▶ [Task item]: A verbatim transcript of the data below is required, images omitted.

(Source records)

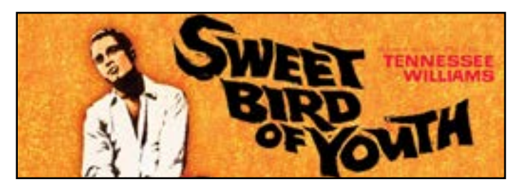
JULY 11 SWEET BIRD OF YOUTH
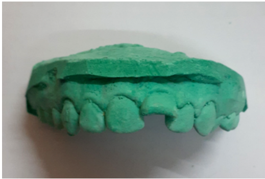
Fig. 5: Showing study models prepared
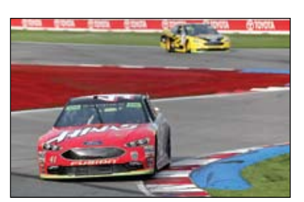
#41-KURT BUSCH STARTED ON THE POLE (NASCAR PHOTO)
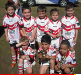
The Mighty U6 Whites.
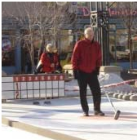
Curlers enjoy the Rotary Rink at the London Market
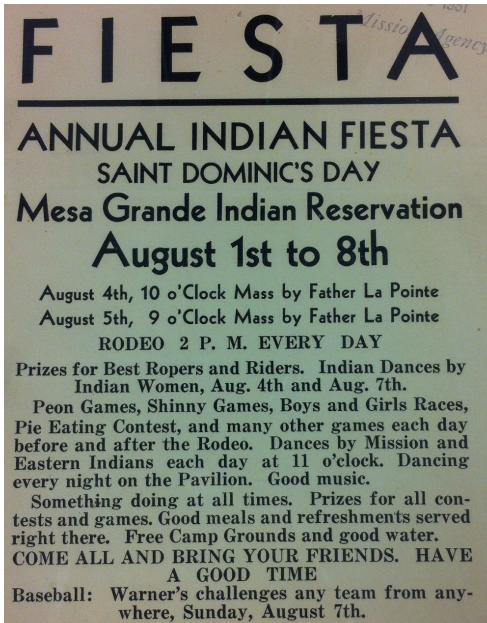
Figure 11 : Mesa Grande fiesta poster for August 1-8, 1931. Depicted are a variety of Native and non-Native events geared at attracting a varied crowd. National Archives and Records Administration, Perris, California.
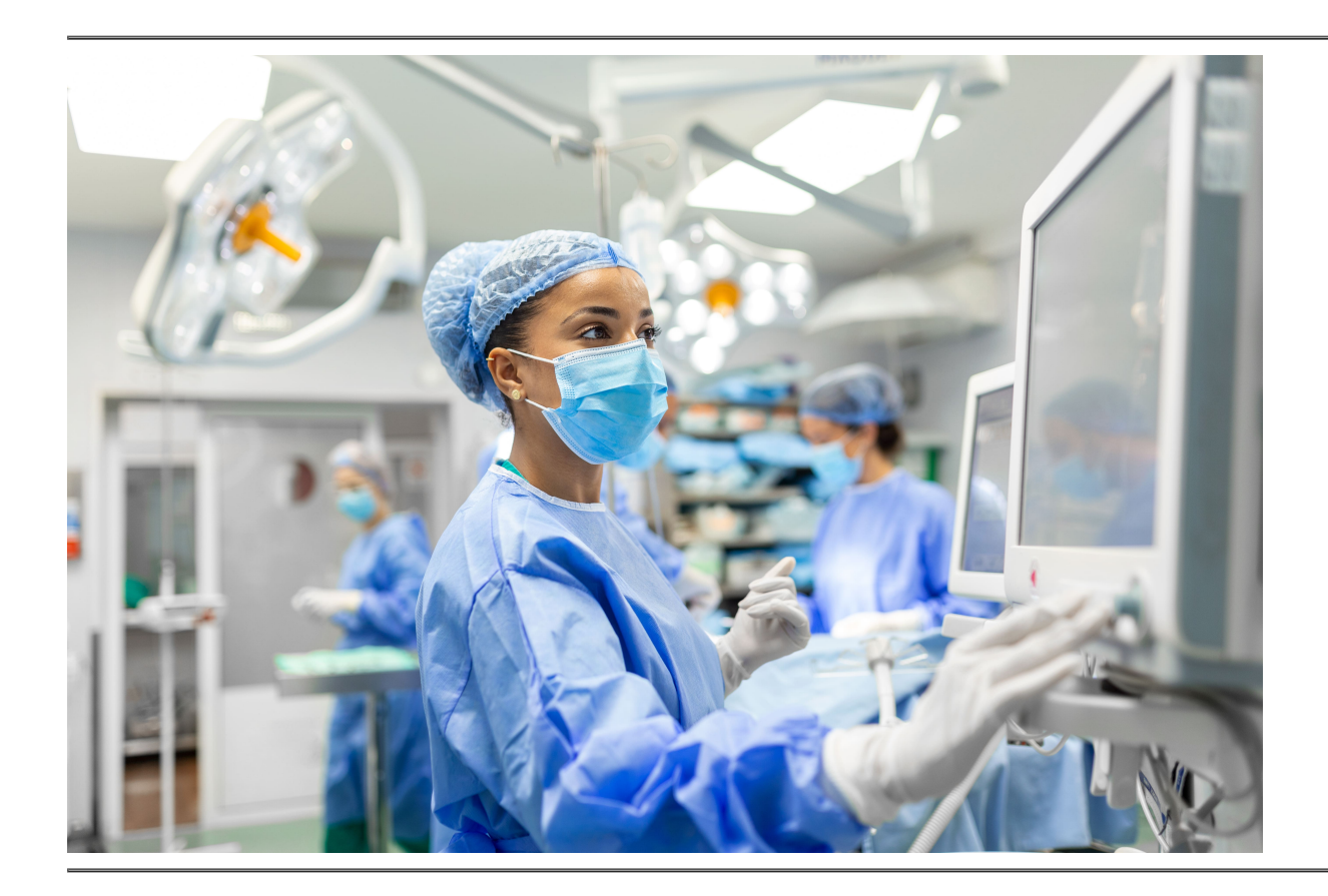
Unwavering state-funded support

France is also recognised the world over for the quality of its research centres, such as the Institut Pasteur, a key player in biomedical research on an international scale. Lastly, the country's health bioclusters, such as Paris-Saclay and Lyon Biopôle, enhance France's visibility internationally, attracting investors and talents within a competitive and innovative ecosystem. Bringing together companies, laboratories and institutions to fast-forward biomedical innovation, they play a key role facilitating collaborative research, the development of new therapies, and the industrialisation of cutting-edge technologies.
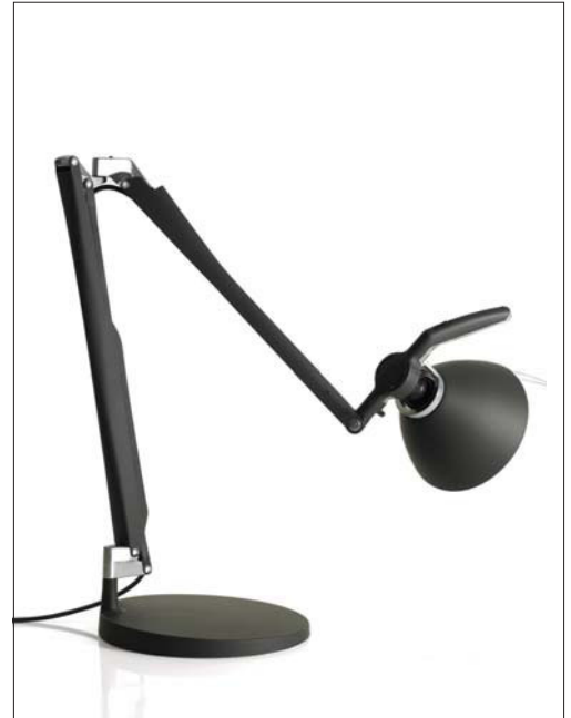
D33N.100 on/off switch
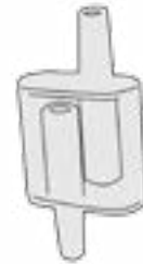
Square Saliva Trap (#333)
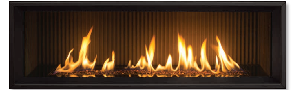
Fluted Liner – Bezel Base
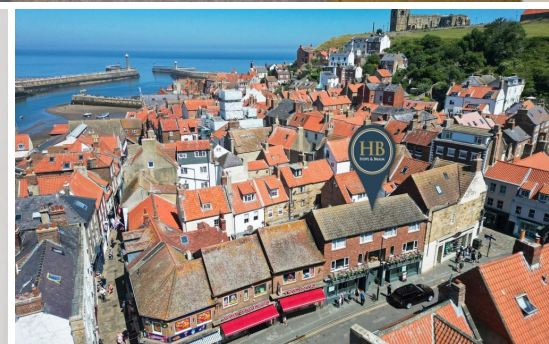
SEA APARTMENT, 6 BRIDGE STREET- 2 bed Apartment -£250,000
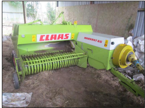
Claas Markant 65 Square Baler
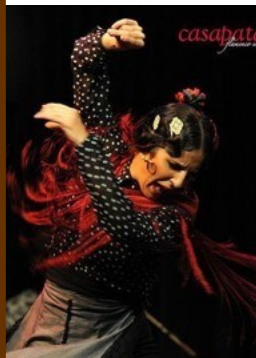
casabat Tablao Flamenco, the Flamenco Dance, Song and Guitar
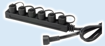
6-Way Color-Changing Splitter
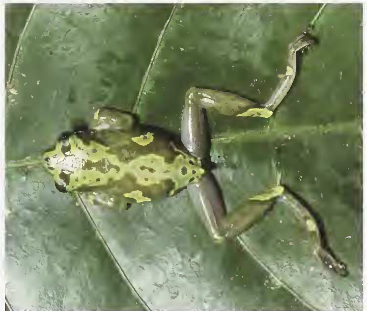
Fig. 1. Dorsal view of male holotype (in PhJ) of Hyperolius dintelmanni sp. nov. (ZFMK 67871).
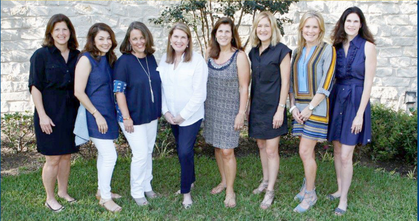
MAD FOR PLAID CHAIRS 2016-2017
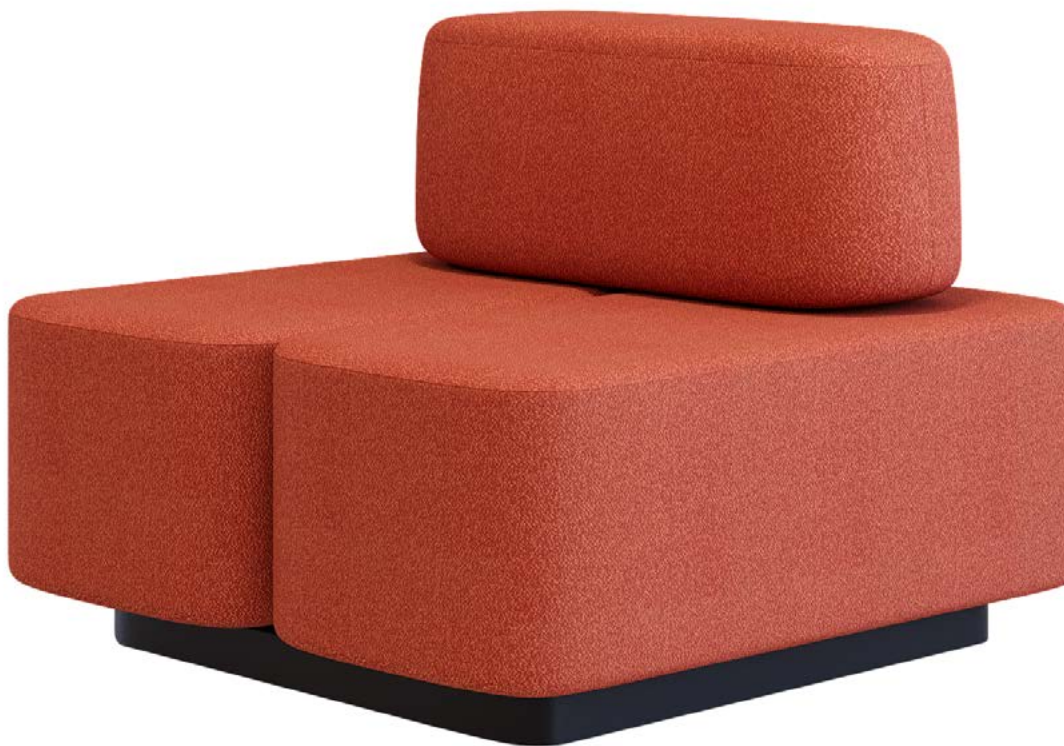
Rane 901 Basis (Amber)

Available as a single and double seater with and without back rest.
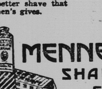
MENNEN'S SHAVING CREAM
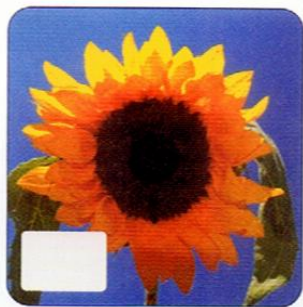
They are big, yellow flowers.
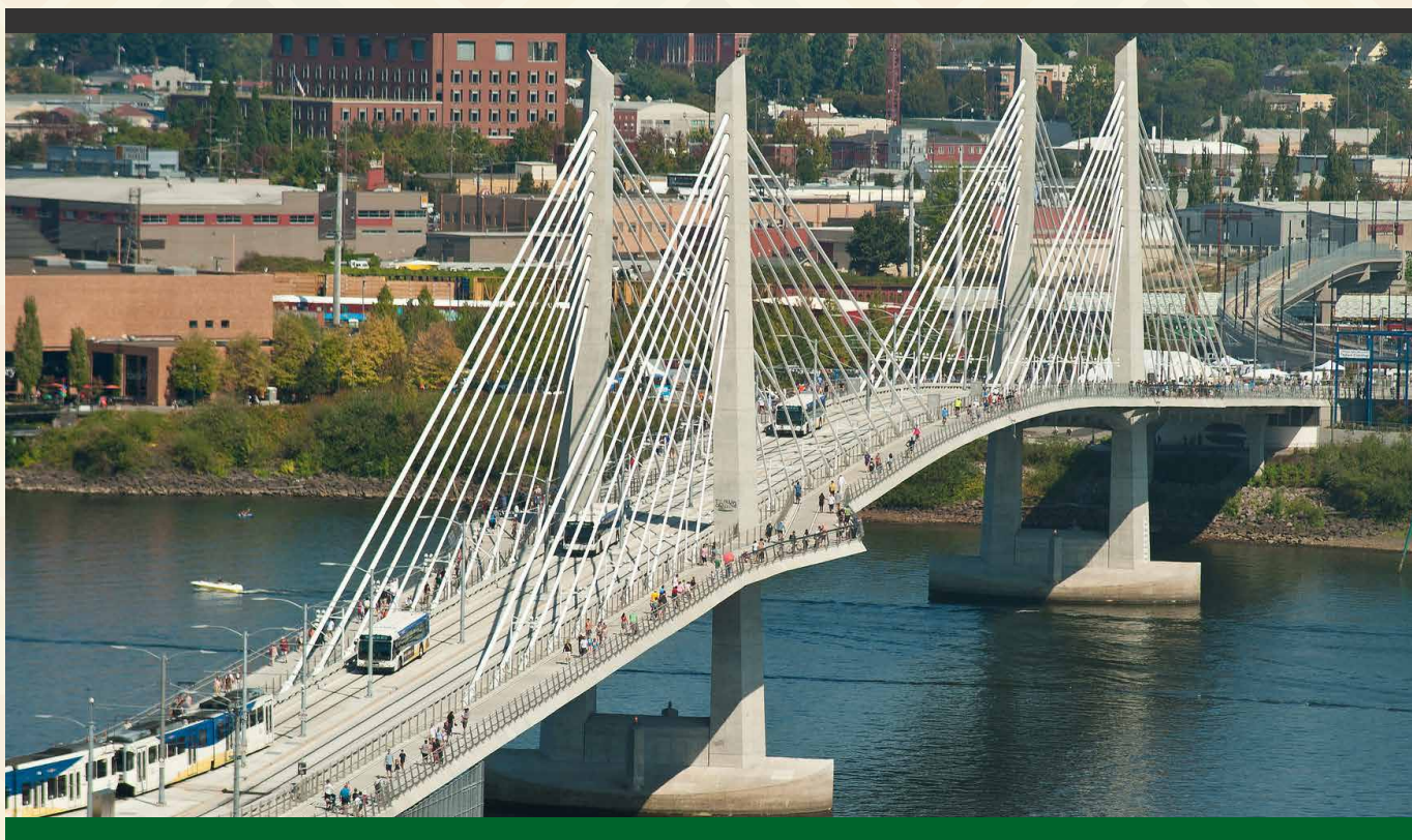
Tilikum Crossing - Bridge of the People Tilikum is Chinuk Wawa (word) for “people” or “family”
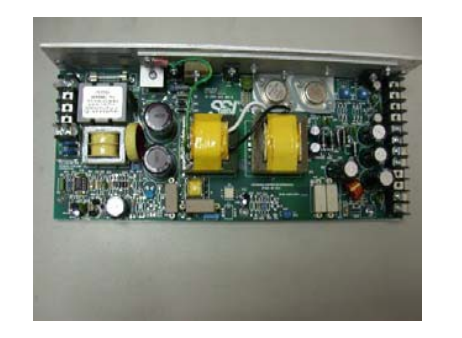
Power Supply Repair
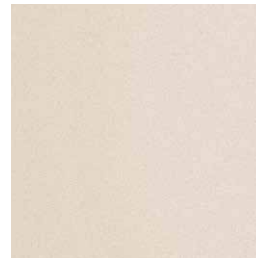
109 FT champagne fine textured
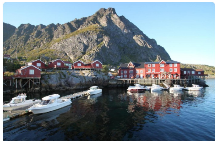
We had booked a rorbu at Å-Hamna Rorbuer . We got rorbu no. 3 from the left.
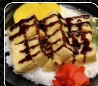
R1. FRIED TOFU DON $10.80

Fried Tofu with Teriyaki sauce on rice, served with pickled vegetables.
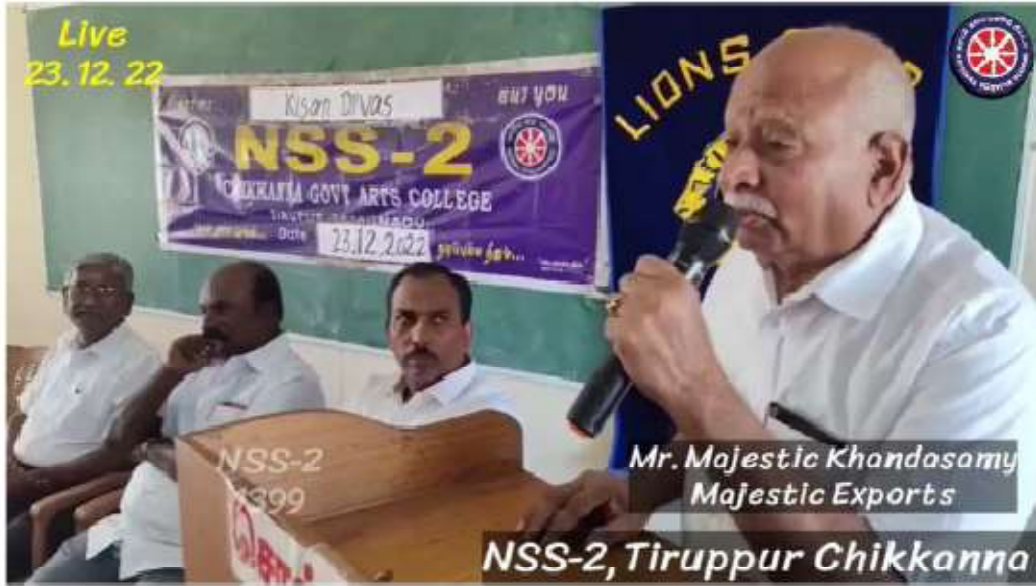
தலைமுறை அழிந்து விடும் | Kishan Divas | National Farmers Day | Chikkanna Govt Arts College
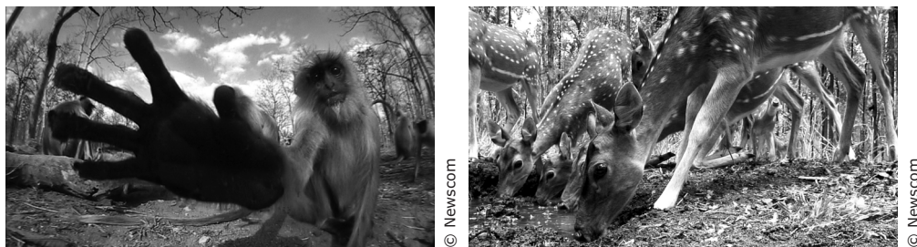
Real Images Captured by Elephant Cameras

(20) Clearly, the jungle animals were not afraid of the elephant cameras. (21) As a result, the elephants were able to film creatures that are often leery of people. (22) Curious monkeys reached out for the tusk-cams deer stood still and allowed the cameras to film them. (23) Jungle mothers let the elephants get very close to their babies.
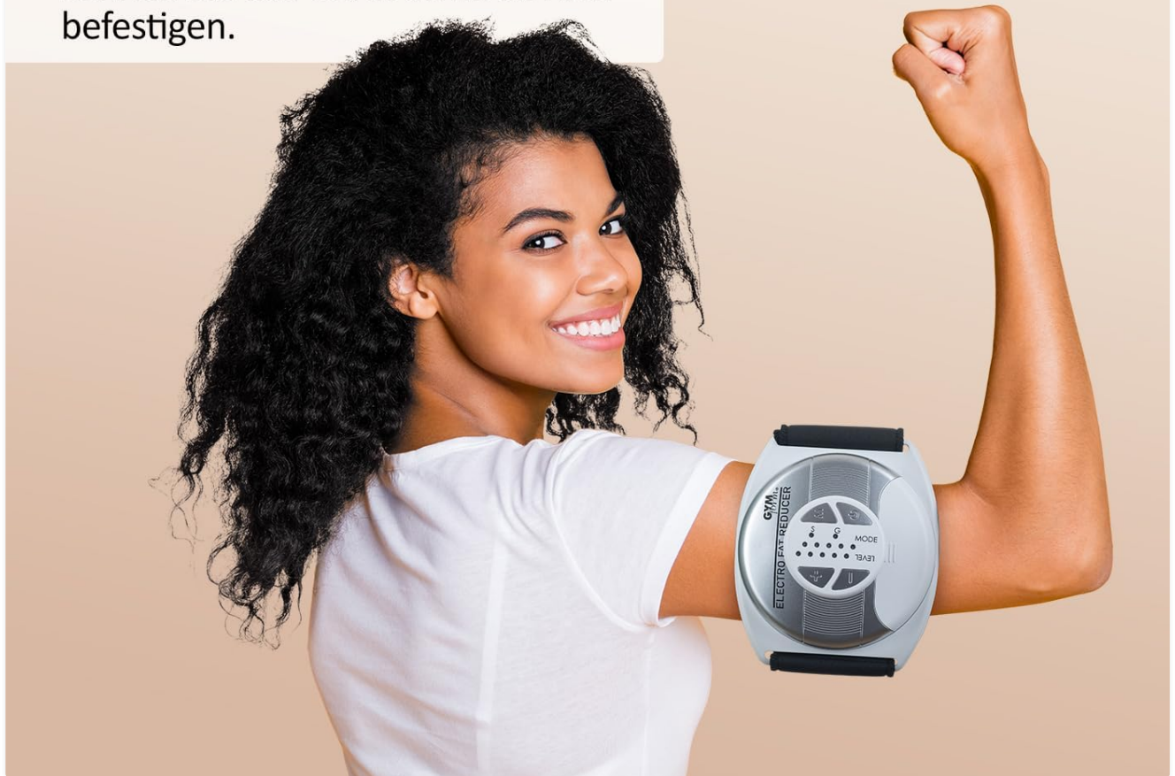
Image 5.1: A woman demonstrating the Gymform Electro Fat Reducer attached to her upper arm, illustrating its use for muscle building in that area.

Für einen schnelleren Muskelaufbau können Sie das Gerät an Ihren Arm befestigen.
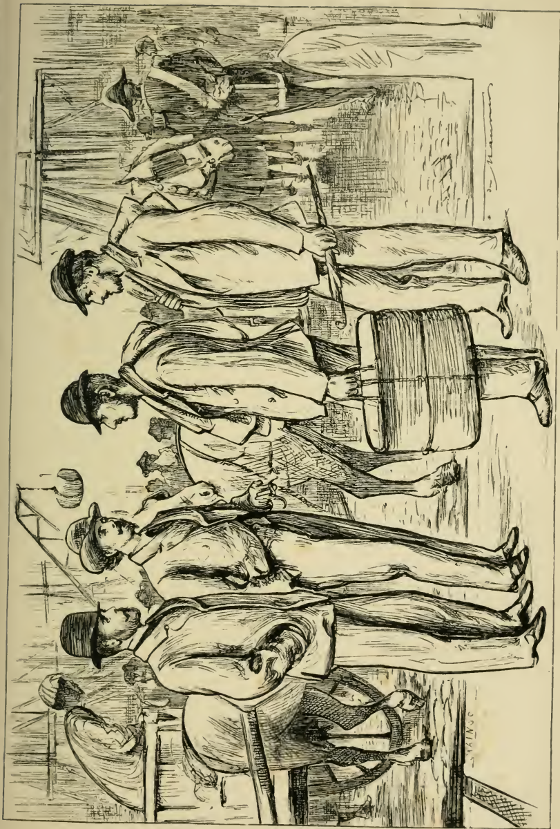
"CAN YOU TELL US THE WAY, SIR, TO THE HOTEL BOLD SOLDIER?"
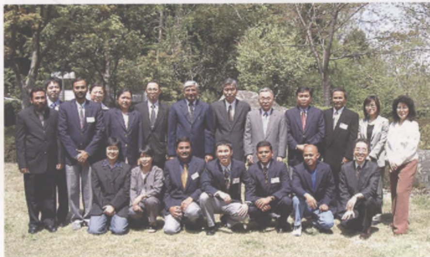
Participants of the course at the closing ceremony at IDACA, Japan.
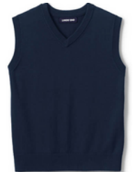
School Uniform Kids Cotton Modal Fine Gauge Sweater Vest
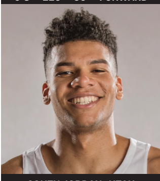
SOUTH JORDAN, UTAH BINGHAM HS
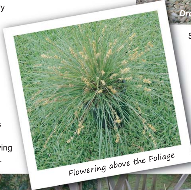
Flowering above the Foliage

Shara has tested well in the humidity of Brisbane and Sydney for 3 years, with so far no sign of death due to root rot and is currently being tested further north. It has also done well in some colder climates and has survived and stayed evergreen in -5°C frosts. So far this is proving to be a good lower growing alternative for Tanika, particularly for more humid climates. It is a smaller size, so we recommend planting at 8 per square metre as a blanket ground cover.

▶ [Reply to the task]:
JULY 11 SWEET BIRD OF YOUTH
Fig. 5: Showing study models prepared
#41-KURT BUSCH STARTED ON THE POLE (NASCAR PHOTO)
The Mighty U6 Whites.
Curlers enjoy the Rotary Rink at the London Market
Figure 11 : Mesa Grande fiesta poster for August 1-8, 1931. Depicted are a variety of Native and non-Native events geared at attracting a varied crowd. National Archives and Records Administration, Perris, California.
Unwavering state-funded support

France is also recognised the world over for the quality of its research centres, such as the Institut Pasteur, a key player in biomedical research on an international scale. Lastly, the country's health bioclusters, such as Paris-Saclay and Lyon Biopôle, enhance France's visibility internationally, attracting investors and talents within a competitive and innovative ecosystem. Bringing together companies, laboratories and institutions to fast-forward biomedical innovation, they play a key role facilitating collaborative research, the development of new therapies, and the industrialisation of cutting-edge technologies.
D33N.100 on/off switch
Square Saliva Trap (#333)
Fluted Liner – Bezel Base
SEA APARTMENT, 6 BRIDGE STREET- 2 bed Apartment -£250,000
Claas Markant 65 Square Baler
casabat Tablao Flamenco, the Flamenco Dance, Song and Guitar
6-Way Color-Changing Splitter
Fig. 1. Dorsal view of male holotype (in PhJ) of Hyperolius dintelmanni sp. nov. (ZFMK 67871).
MAD FOR PLAID CHAIRS 2016-2017
Rane 901 Basis (Amber)

Available as a single and double seater with and without back rest.
MENNEN'S SHAVING CREAM
They are big, yellow flowers.
Tilikum Crossing - Bridge of the People Tilikum is Chinuk Wawa (word) for “people” or “family”
Power Supply Repair
109 FT champagne fine textured
We had booked a rorbu at Å-Hamna Rorbuer . We got rorbu no. 3 from the left.
R1. FRIED TOFU DON $10.80

Fried Tofu with Teriyaki sauce on rice, served with pickled vegetables.
தலைமுறை அழிந்து விடும் | Kishan Divas | National Farmers Day | Chikkanna Govt Arts College
Real Images Captured by Elephant Cameras

(20) Clearly, the jungle animals were not afraid of the elephant cameras. (21) As a result, the elephants were able to film creatures that are often leery of people. (22) Curious monkeys reached out for the tusk-cams deer stood still and allowed the cameras to film them. (23) Jungle mothers let the elephants get very close to their babies.
Image 5.1: A woman demonstrating the Gymform Electro Fat Reducer attached to her upper arm, illustrating its use for muscle building in that area.

Für einen schnelleren Muskelaufbau können Sie das Gerät an Ihren Arm befestigen.
"CAN YOU TELL US THE WAY, SIR, TO THE HOTEL BOLD SOLDIER?"
Participants of the course at the closing ceremony at IDACA, Japan.
School Uniform Kids Cotton Modal Fine Gauge Sweater Vest
SOUTH JORDAN, UTAH BINGHAM HS
Flowering above the Foliage

Shara has tested well in the humidity of Brisbane and Sydney for 3 years, with so far no sign of death due to root rot and is currently being tested further north. It has also done well in some colder climates and has survived and stayed evergreen in -5°C frosts. So far this is proving to be a good lower growing alternative for Tanika, particularly for more humid climates. It is a smaller size, so we recommend planting at 8 per square metre as a blanket ground cover.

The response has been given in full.